Esthéticienne sociale, un métier mal connu ?

Esthéticienne sociale, un métier mal connu ?

Esthéticienne sociale, Cédrine Gorreux soigne, non pas des clients mais des patients.

C.G.

Par des gestes simples, les esthéticiennes sociales améliorent le confort et contribuent au mieux-être de personnes gravement malades.

Des traitements de chimiothérapie sont physiquement et mentalement lourds. Perdre ses cheveux et ses sourcils est une épreuve pour un patient. L’accompagner dans l’acceptation de sa maladie et l’aider à restaurer son image est le rôle de l’esthéticienne sociale.

Encore méconnu en Belgique mais pourtant très répandu au Canada et en France depuis une vingtaine d’années, ce métier d’esthéticienne sociale tend à se développer chez nous.

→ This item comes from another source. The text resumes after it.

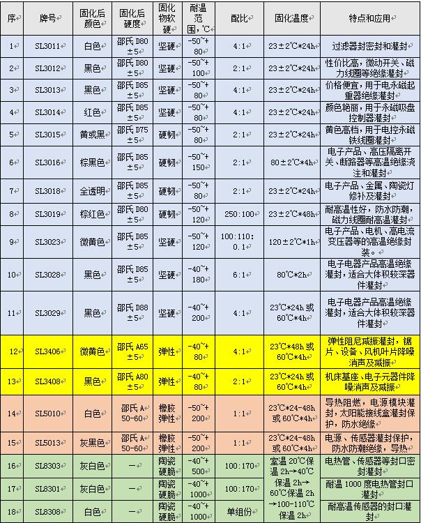 種類(lèi)繁多的灌封膠又如何選擇呢?作為灌封膠的使用單位需要查看哪些性能數(shù)據(jù)才能對(duì)選擇灌封膠有幫助呢?下表是世林膠業(yè)在灌封膠方面的產(chǎn)品,可供您選擇參考,這里列舉的產(chǎn)品種類(lèi)很多,功能也各不相同,如果您還有其他的特殊要求也可以和世林的工廠(chǎng)技術(shù)人員進(jìn)行交流,只有清楚知道您的實(shí)際用膠需求,我們才能給您提供全套的灌封用膠的解決方案。

C’est particulièrement le cas dans la région de Charleroi où une douzaine d’étudiantes suivent une nouvelle formation en socio-esthétique.

Dans les hôpitaux du CHU et du GHDC de Charleroi, ces esthéticiennes sociales en formation sont accueillies bras ouverts par bon nombre de patients qui se sentent ignorés ou par un personnel soignant frustré de ne pouvoir disposer d’assez de temps.

Importance des soins pour l’image de soi

Un soin esthétique est une manière de valoriser le patient et de lui offrir un soutien thérapeutique et psychologique.

Depuis quelques années, les soins esthétiques sont reconnus dans les hôpitaux car mettre sa beauté en valeur n’est pas un luxe lorsque l’on est souffrant. « Prendre soin de soi aide à rester présent pour les autres et à se réconcilier avec son corps », explique Maria Chaliasos, professeur en socio-esthétique.

Bien-être assuré !

Les soins prodigués par la socio-esthéticienne ne sont pas encore bien connus en milieu hospitalier par les malades. «Les patients qui découvrent cette expérience peuvent se poser au début quelques questions mais tous les patients anxieux, nerveux et parfois agressifs qui ont bénéficié de ces soins esthétiques finissent par retrouver une part de sérénité, de détente et d’apaisement», assure l’enseignante.

Les bienfaits sont certains! «Les personnes suivant une chimio en hôpital de jour choisissent même de venir le jour où nous travaillons! »

Quels soins sont offerts ?

Selon la demande de la personne malade et du personnel soignant, l’esthéticienne sociale propose des soins de confort et d’hygiène comme des massages relaxants des mains et des pieds, des soins du visage (maquiller, redessiner des sourcils…), pédicure, manucure, soins d’hydratation, etc. «Des patients en chimiothérapie sont souvent focalisés sur la perte de leurs cils et réclament la pose de faux-cils. Mais pour des raisons d’infection, nous devons le refuser tout comme pour la pose de faux-ongles », détaille Maria Chaliasos. «Pourtant, une fois que nous avons réalisé un maquillage sobre en soulignant les paupières, les joues, les sourcils, les patients sont agréablement surpris, oublient la perte de leurs cils et veulent se montrer à leur famille! » Et l’esthéticienne sociale est présente également pour donner de précieux conseils notamment pour poser une prothèse capillaire ou un foulard.

De précieux soins qui peuvent redonner goût à la vie, stimuler un patient et l’amener à se réinvestir dans un processus de guérison ou de gestion de la maladie.